What you will do - Only the lines below from the one that holds "Tolle Stimmung un Höhenflüge." through the one that holds "Der Mobile Hydraulik-Abzieher" should appear in the answer, copied exactly, end lines included and pictures omitted.

Supplied records -
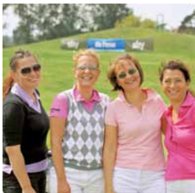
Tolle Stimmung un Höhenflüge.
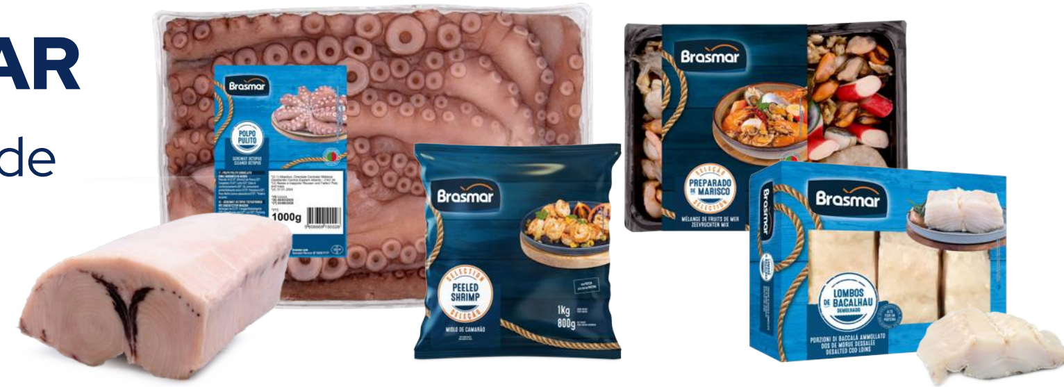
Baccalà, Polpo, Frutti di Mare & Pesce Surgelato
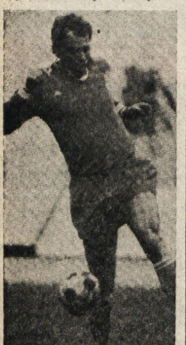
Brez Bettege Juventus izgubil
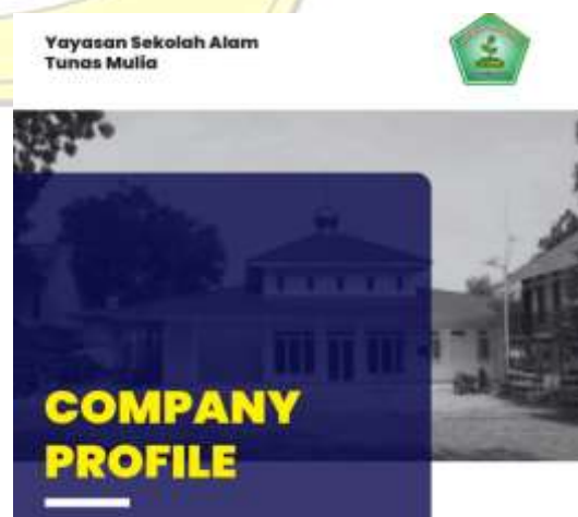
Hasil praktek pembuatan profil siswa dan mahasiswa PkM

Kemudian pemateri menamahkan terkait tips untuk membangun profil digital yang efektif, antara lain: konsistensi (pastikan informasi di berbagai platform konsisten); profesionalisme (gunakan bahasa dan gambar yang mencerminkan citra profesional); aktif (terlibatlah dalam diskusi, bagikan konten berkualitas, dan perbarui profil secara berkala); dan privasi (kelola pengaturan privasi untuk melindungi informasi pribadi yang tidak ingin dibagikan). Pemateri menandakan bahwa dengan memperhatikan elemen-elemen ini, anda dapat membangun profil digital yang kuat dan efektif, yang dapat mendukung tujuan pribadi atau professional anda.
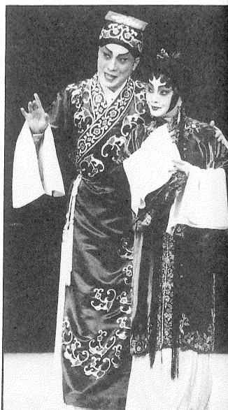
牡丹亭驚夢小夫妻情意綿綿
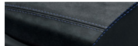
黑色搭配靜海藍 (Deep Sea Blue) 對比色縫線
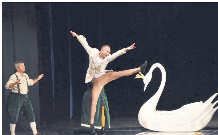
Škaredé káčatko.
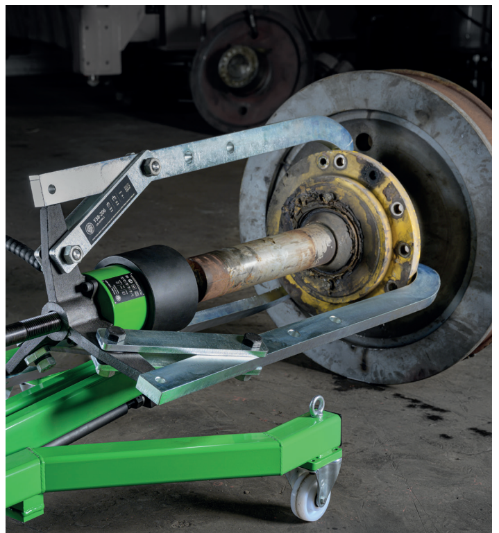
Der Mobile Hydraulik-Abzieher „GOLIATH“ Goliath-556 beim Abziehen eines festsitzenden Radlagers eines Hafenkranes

---

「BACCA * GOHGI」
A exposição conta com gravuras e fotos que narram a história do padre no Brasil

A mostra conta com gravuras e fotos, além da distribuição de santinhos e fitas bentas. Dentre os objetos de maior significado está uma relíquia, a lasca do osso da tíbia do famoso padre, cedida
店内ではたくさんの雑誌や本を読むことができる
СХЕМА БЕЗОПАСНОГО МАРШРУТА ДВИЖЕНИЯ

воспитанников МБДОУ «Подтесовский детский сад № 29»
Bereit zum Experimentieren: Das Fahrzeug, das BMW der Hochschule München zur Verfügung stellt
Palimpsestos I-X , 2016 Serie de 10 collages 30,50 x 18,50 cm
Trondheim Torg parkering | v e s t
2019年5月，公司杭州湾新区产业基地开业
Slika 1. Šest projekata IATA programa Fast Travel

Answer for this exercise -
Tolle Stimmung un Höhenflüge.
Baccalà, Polpo, Frutti di Mare & Pesce Surgelato
Brez Bettege Juventus izgubil
Hasil praktek pembuatan profil siswa dan mahasiswa PkM

Kemudian pemateri menamahkan terkait tips untuk membangun profil digital yang efektif, antara lain: konsistensi (pastikan informasi di berbagai platform konsisten); profesionalisme (gunakan bahasa dan gambar yang mencerminkan citra profesional); aktif (terlibatlah dalam diskusi, bagikan konten berkualitas, dan perbarui profil secara berkala); dan privasi (kelola pengaturan privasi untuk melindungi informasi pribadi yang tidak ingin dibagikan). Pemateri menandakan bahwa dengan memperhatikan elemen-elemen ini, anda dapat membangun profil digital yang kuat dan efektif, yang dapat mendukung tujuan pribadi atau professional anda.
牡丹亭驚夢小夫妻情意綿綿
黑色搭配靜海藍 (Deep Sea Blue) 對比色縫線
Škaredé káčatko.
Der Mobile Hydraulik-Abzieher „GOLIATH“ Goliath-556 beim Abziehen eines festsitzenden Radlagers eines Hafenkranes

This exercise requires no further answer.